Ukraine's march into nationhood leads to trouble Despite bumper crops, economy falters, and political system is in a shambles

September 19, 1993|By Kathy Lally | Kathy Lally,Staff Writer

KIEV, Ukraine -- Only two years ago, Ukraine marched bravely off to independence, confident that once freed of Soviet shackles it would thrive on its own rich, black soil.

It hasn't worked out.

This year's harvest has indeed been bountiful, but the plenty in the fields has served only to magnify the failures that daily confront a poverty-stricken people.

With grain in abundance, the citizens of Kiev have stood in line for hours to buy bread. Despite a bumper sunflower crop, weary shoppers search in vain for the sunflower oil on which every kitchen depends.

Two years of freedom have left the economy in shambles, the government in disarray and the nation near collapse. The political and economic systems of the old command have broken down and lie unused and unreplaced. The Parliament, president and prime minister are embroiled in all-consuming battle. Ukraine stands paralyzed, caught midway between past and future.

"What hope can we have?" asked Anastasia Sandratskaya, 33, as she furiously scrubbed a cafe window on Kiev's main street. "All we can hope for is new leaders. The only other way out is to lie down in the earth and die."

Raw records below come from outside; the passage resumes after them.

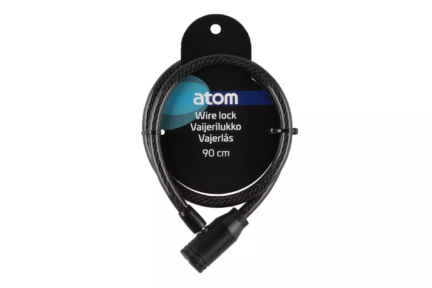 Musta vaijerilukko. Lukko sopii erinomaisesti polkupyörien, porttien, ulkoiluvälineiden, matkatavaroiden ja urheiluvälineiden turvaamiseen. Pituus 90 cm, halkaisija 12 mm. Mukana kaksi avainta.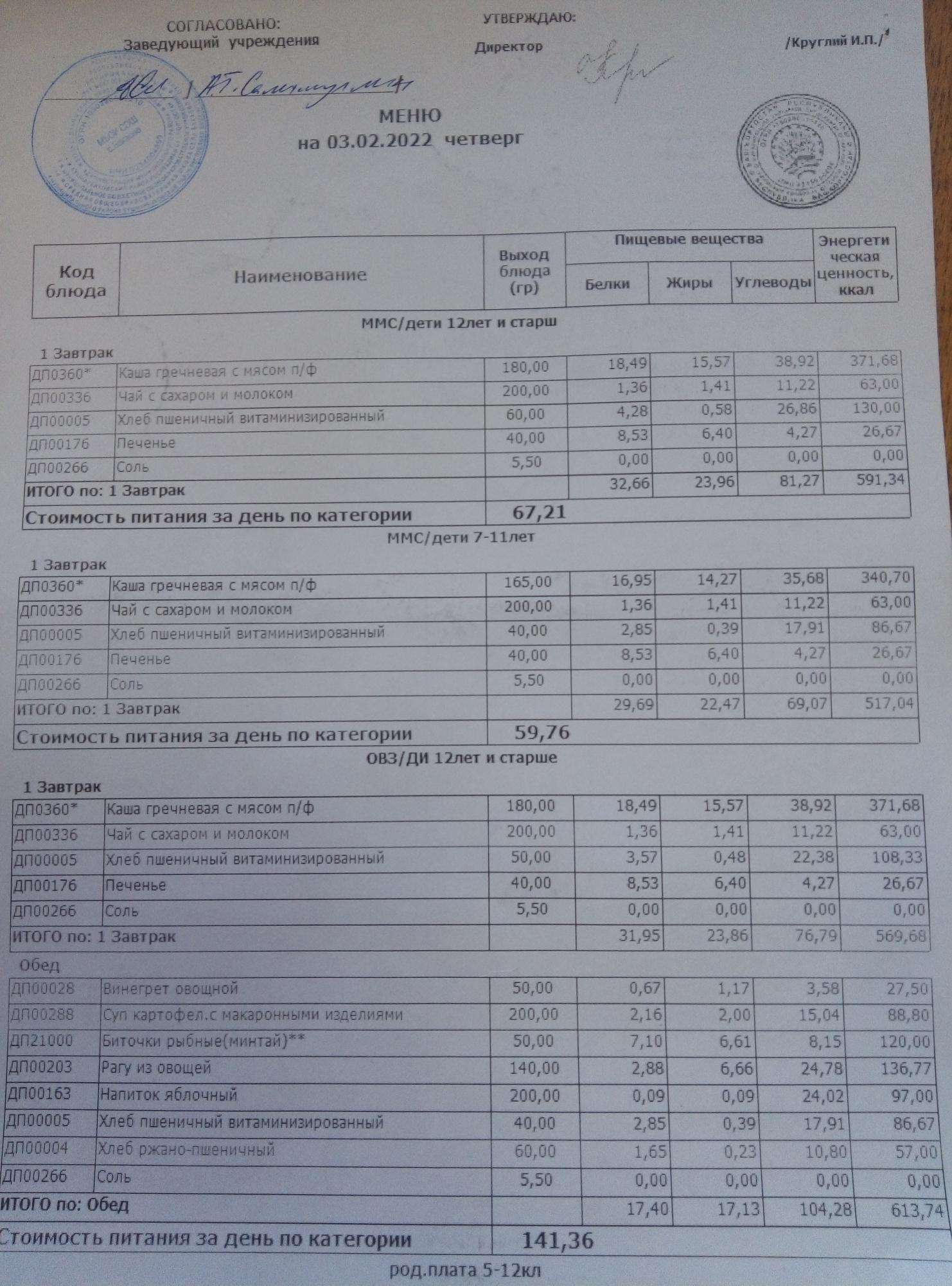 (Меню на 03.02.2022г)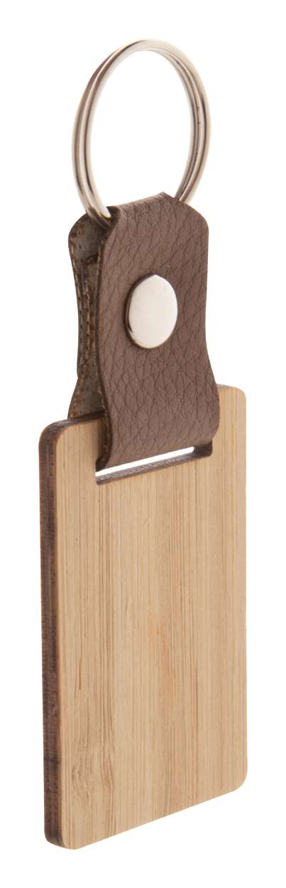 Portachiavi in compensato di bambù e pelle PU con anello in metallo.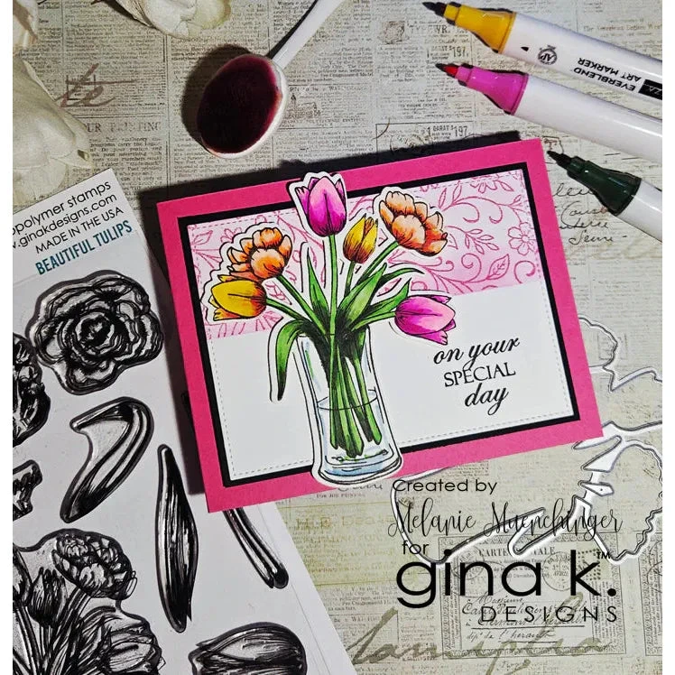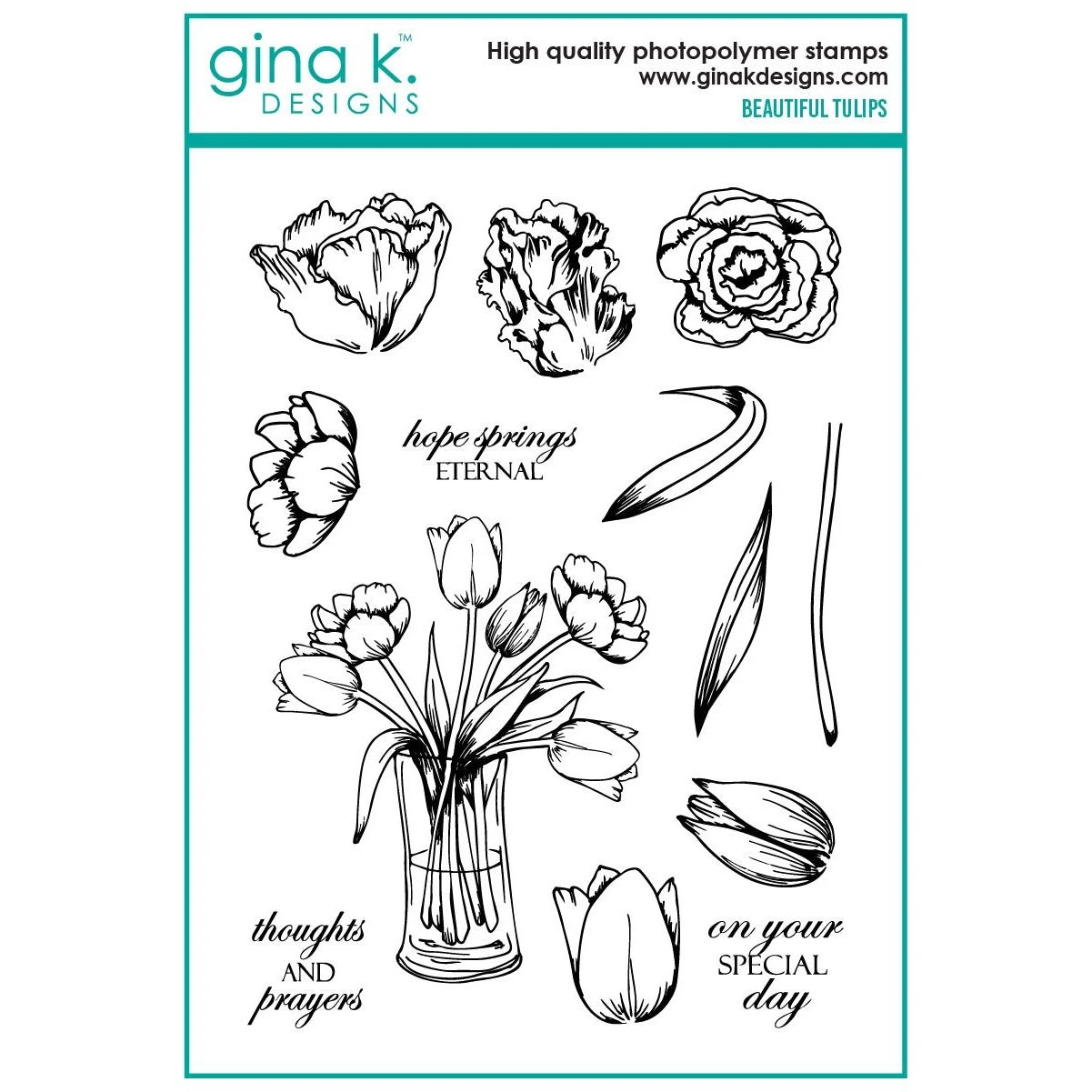Create elegant floral designs effortlessly with the Gina K Designs Beautiful Tulips Stamps. This 6×8 inch clear stamp set features a detailed bouquet of tulips in a vase, along with separate tulip stems, leaves, and blooms, allowing you to build layered, unique compositions. Included are three sentiments to complement your projects, making it ideal for cards, tags, scrapbook pages, and more. Perfect for adding a sophisticated touch to your crafting with precision and versatility. Sentiments included:

The level of mismanagement is astounding, resulting in horrifying statistics and rampaging inflation. Production is dropping precipitously, down 13.8 percent in the first six months of this year. Food prices shot up 67 percent in June alone. This month, the price for bread quadrupled and meat doubled. Spiraling prices have put 80 percent of the nation -- a country the size of France -- below the poverty level.

The Ukrainian currency, the karbovanets, makes the anemic Russian ruble look robust. It depreciated by 100 percent in one month alone. Originally pegged to the ruble, which now trades at about 1,000 to the dollar, the karbovanets sells for 8,000 to the dollar. During one panicky day in August, it fell to 19,000 to the dollar.

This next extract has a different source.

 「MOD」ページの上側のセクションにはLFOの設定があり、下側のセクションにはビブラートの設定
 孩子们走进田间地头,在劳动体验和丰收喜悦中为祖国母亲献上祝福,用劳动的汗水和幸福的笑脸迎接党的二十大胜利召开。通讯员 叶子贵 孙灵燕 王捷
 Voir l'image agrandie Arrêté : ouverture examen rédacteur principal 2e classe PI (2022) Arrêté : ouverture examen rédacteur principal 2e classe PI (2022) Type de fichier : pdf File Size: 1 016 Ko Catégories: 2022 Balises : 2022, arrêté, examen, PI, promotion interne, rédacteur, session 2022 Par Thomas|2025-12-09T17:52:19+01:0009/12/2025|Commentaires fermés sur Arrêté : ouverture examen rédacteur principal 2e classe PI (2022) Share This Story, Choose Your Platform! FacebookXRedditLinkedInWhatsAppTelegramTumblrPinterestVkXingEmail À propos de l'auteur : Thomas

"Here I expect nothing," said Anya Kudim, 19, a music student, as she waited in line hoping to buy butter. "The only hope I have is to leave and go to the United States."

Both the conservative Parliament and the government have sought cautious reform, calling for slow, tightly controlled changes. But their desires for power and control over the process have led only to ferocious, unproductive wrangling.

Unable to agree between themselves on the best way to accomplish this, they have created a vacuum, which the National Bank of Ukraine has filled by rapidly printing money and issuing credits to keep old, unprofitable industries alive. The credits have resulted in a huge budget deficit, equivalent last year to 44 percent of the gross national product.

'Protest is inevitable'

The result has been disaster, with no meaningful reform in sight.

Those who favor faster reform assert that the political balance has become so tenuous that anything can happen.

"The people can't stand the situation any longer," said Volodymir M. Pylypchuk, a member of Parliament who wants quicker reform. "They don't believe in anything anymore. Protest is inevitable. We just don't know what form the protest will take."

These are unsettling sentiments in a country armed with nuclear weapons. Earlier this month, some of the anger began to emerge in bitter criticism of government plans to transfer the nuclear warheads based here to Russia for destruction. Another proposal to sell the Ukrainian share of the Black Sea fleet to Russia to pay off debt also roused nationalistic ardor.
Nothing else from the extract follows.